### EXERCISE
Copy the records below exactly, starting at the line that contains "This page presents" and ending at the line that contains "1、下载安装后打开软件,进入"; leave out any pictures.

### MATERIALS PROVIDED
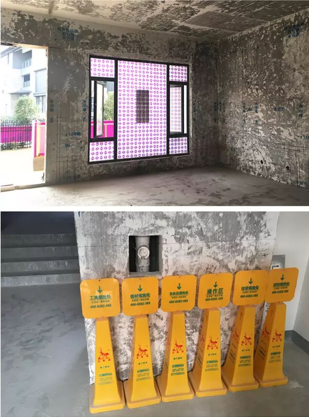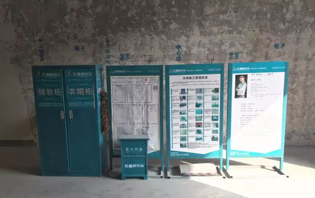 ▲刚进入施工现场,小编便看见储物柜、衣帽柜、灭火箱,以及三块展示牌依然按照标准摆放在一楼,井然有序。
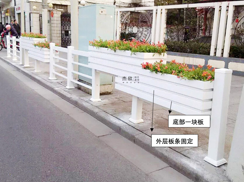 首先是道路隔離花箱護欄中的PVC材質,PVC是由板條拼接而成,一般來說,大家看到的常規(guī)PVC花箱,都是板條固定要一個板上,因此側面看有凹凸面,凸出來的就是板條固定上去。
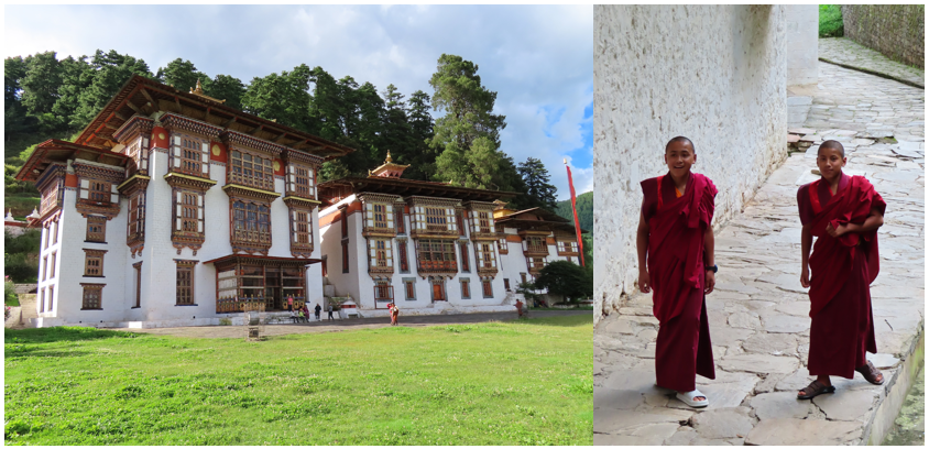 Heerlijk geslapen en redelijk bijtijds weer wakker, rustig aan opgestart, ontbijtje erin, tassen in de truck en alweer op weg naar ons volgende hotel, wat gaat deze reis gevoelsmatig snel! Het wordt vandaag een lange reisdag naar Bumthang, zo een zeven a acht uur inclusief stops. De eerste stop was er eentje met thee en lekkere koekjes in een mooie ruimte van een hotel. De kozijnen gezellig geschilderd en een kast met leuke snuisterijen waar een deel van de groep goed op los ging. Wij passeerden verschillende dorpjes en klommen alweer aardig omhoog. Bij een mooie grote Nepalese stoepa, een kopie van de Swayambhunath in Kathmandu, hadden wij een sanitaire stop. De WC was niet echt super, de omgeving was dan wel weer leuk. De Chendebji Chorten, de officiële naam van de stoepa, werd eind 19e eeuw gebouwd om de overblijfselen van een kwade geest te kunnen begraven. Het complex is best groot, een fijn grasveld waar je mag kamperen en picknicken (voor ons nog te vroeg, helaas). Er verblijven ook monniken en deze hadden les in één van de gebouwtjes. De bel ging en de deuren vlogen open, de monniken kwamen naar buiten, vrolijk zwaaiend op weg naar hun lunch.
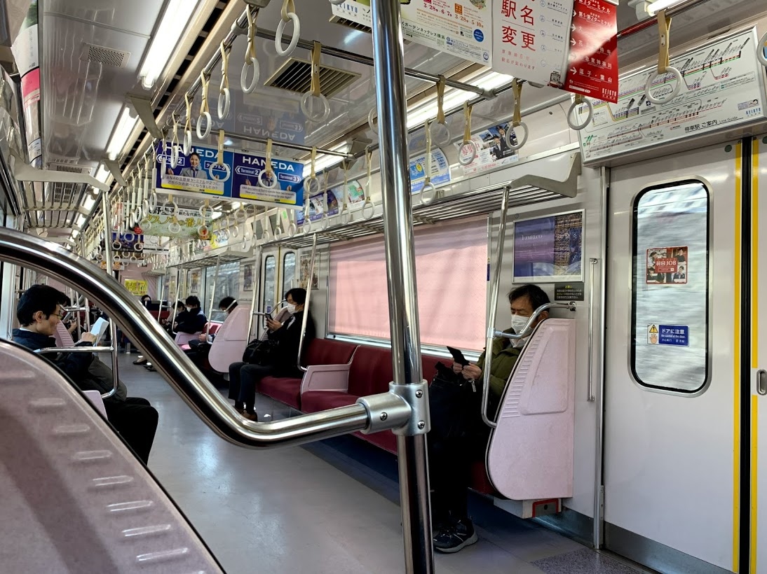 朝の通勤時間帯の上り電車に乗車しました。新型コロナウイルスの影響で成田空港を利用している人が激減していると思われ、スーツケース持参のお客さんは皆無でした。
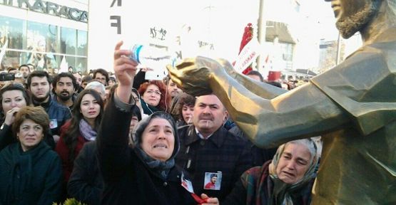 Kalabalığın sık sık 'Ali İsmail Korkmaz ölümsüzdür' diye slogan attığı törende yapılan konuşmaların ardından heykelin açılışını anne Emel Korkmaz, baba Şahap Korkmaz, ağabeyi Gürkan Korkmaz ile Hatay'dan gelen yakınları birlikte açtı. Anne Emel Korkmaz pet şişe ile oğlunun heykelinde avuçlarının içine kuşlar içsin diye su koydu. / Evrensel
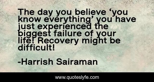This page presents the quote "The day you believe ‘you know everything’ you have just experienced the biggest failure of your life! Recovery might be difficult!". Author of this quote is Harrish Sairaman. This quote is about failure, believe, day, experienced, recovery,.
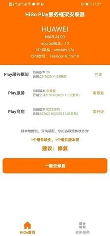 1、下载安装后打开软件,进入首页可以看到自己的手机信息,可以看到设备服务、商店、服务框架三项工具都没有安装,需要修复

==

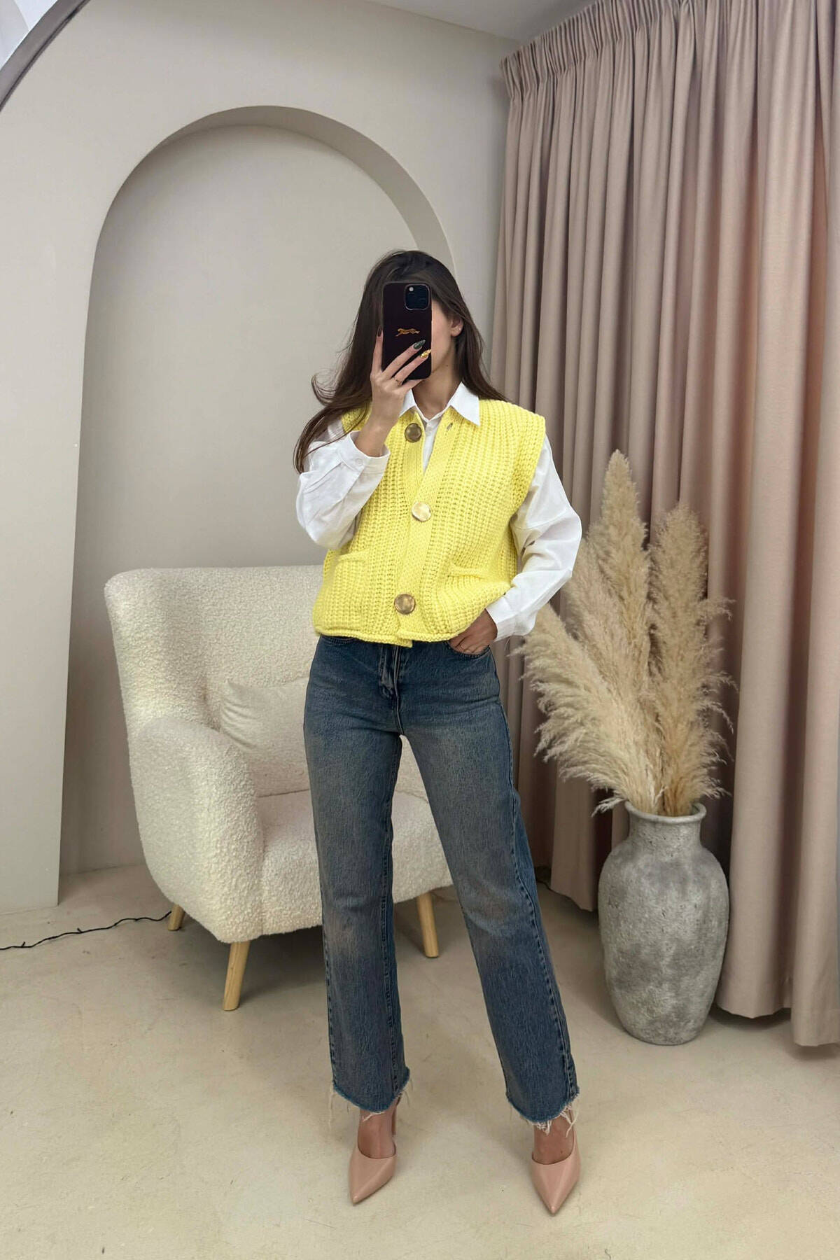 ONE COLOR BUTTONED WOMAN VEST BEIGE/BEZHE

...

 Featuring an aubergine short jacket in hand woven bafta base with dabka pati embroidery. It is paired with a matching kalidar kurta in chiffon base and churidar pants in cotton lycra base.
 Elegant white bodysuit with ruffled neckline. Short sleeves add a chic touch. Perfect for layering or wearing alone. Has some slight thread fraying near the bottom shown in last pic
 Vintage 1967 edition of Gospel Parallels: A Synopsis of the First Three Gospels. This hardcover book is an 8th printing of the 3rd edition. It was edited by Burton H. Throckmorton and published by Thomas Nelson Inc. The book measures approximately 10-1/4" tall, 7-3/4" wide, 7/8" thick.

### OUTPUT FOR THIS TASK
This page presents the quote "The day you believe ‘you know everything’ you have just experienced the biggest failure of your life! Recovery might be difficult!". Author of this quote is Harrish Sairaman. This quote is about failure, believe, day, experienced, recovery,.
 1、下载安装后打开软件,进入首页可以看到自己的手机信息,可以看到设备服务、商店、服务框架三项工具都没有安装,需要修复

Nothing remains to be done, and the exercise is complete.